Хотел бы молиться и Михаил Кузмин (сборник «Сети»),[128] но уже по-другому. Сборник его стихов — книга большой культурности, кажется, даже эрудиции, но и немалых странностей, вроде «дома с голубыми воротами», «шапки голландской с отворотами»[129] или таких стихов:

В Вашей (sic!) столовой с лестницей внутренней

Так сладко пить чай или кофей утренний.[130]

В лиризме М. Кузмина-изумительном по его музыкальной чуткости — есть временами что-то до жуткости интимное и нежное и тем более страшное, что ему невозможно не верить, когда он плачет.

Городская, отчасти каменная, музейная душа наша все изменила и многое исказила. Изменилась в ней и вера. Не та прощающая, самоотверженная, трагическая, умильная вера, — а простая мужицкая, с ее поклонами, акафистами, вера-привычка, вера-церковь, где Власы[131] стоят бок о бок с людьми, способными со словами «господи, благослови!» ударить купчину топором по лбу.[132] Именно эта вера, загадочная, упорностихийная, мелькает иногда и в авторе «Сетей» и «Богородичных праздников».[133]

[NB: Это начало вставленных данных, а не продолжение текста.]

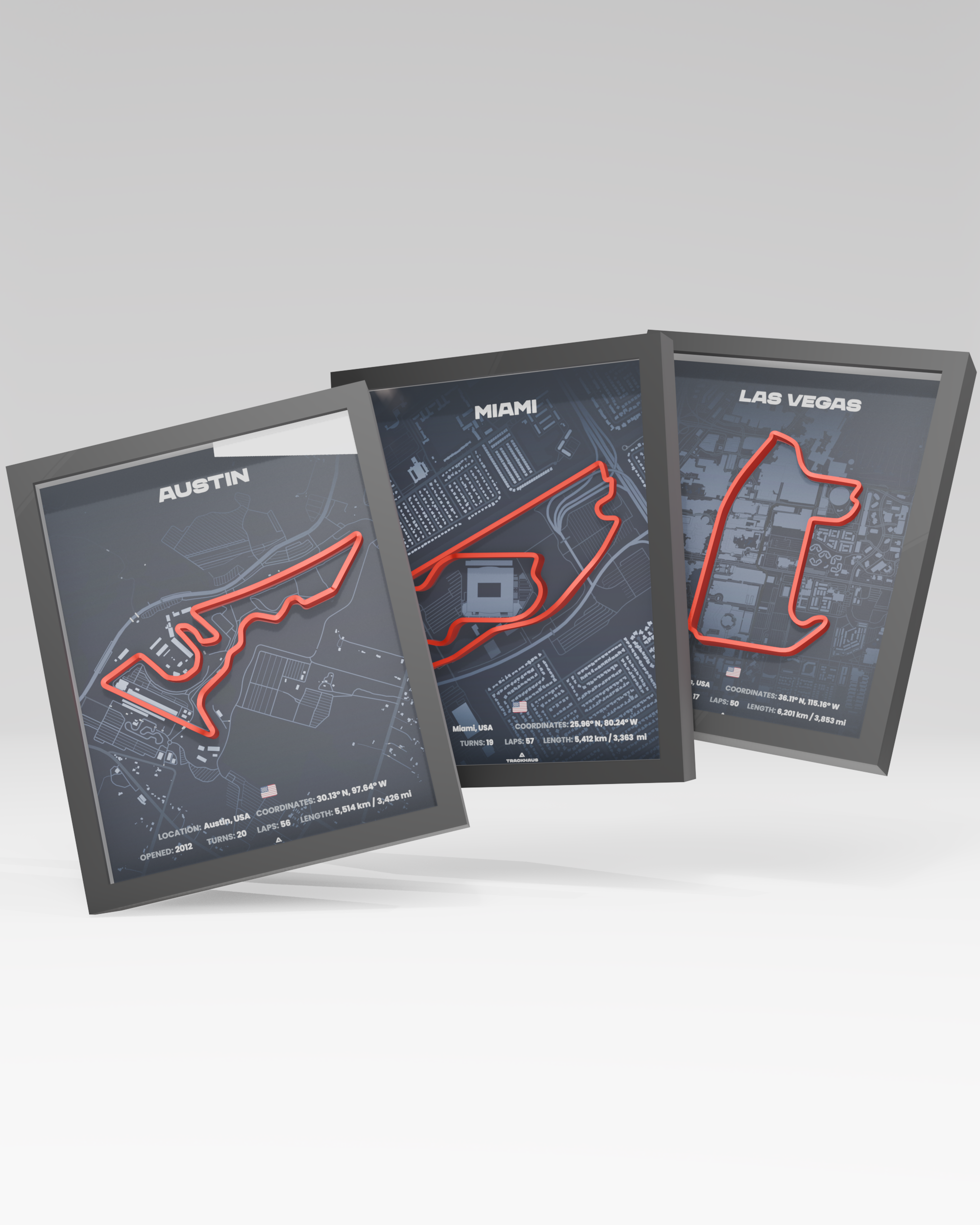 Precision 3D printing brings every apex, chicane, and elevation change to life, crafting a stunning 3D centerpiece that turns any wall into a tribute to speed, engineering, and storied history.
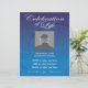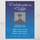 Custom Photo Memorial Celebration of Life invitation flyer on beautiful blue background with swooping circles. Fully customisable with your date, time, place, etc. Replace "custom photo here" template with your own photo of the person being honoured. A celebration of life event is a wonderful way to share memories and pay tribute to a family member or friend, either in addition to, or instead of, a traditional funeral service.

Голубая спальня, шабли во льду,[134] александрийские систры[135] и тирские красильщики, черная женщина, которая качает ребенка и поет:

…если б я был фараоном,

купил бы я себе две груши:

одну бы я дал своему другу,

другую бы я сам скушал.[136]

(«Сети», с. 797)

и вдруг тут же

Светлая горница — моя пещера.

Мысли-птицы ручные: журавли да аисты;

Песни мои — веселые акафисты;

Любовь всегдашняя моя вера.[137]

(ibid., с. 95)

или:

Я вспомню нежные песни

И запою,

Когда ты скажешь: «воскресни».

Я сброшу грешное бремя

И скорбь свою,

Когда ты скажешь: «вот время».

Я подвиг великой веры

Свершить готов,

Когда позовешь в пещеры;

Но рад я остаться в мире

Среди оков,

Чтоб крылья раскрылись шире.

Незримое видит око

Мою любовь

И страх от меня далеко.

Я верно хожу к вечерне

Опять и вновь,

Чтоб быть недоступней скверне.[138]

(ibid., с. 112 сл.)

Я знаю, что тут не без лукавства. Но для нас-то, когда мы осуждены вращаться среди столь разнообразных книжных, надуманных попыток вернуть веру или ее очистить, — разве не должна быть интересна и эта попытка опроститься в религиозном отношении, найти в себе свой затерянный, свой затертый, но многовековой инстинкт веры. Я расстаюсь с лиризмом Кузмина неохотно вовсе не потому, чтобы его стихи были так совершенны. Но в них есть местами подлинная загадочность. А что, кстати, Кузмин, как автор «Праздников Пресвятой Богородицы», читал ли он Шевченко, старого, донятого Орской и иными крепостями, — соловья, когда из полупомеркших глаз его вдруг полились такие безудержно нежные слезы-стихи о Пресвятой Деве?[139] Нет, не читал. Если бы он читал их, так, пожалуй бы, сжег свои «праздники»…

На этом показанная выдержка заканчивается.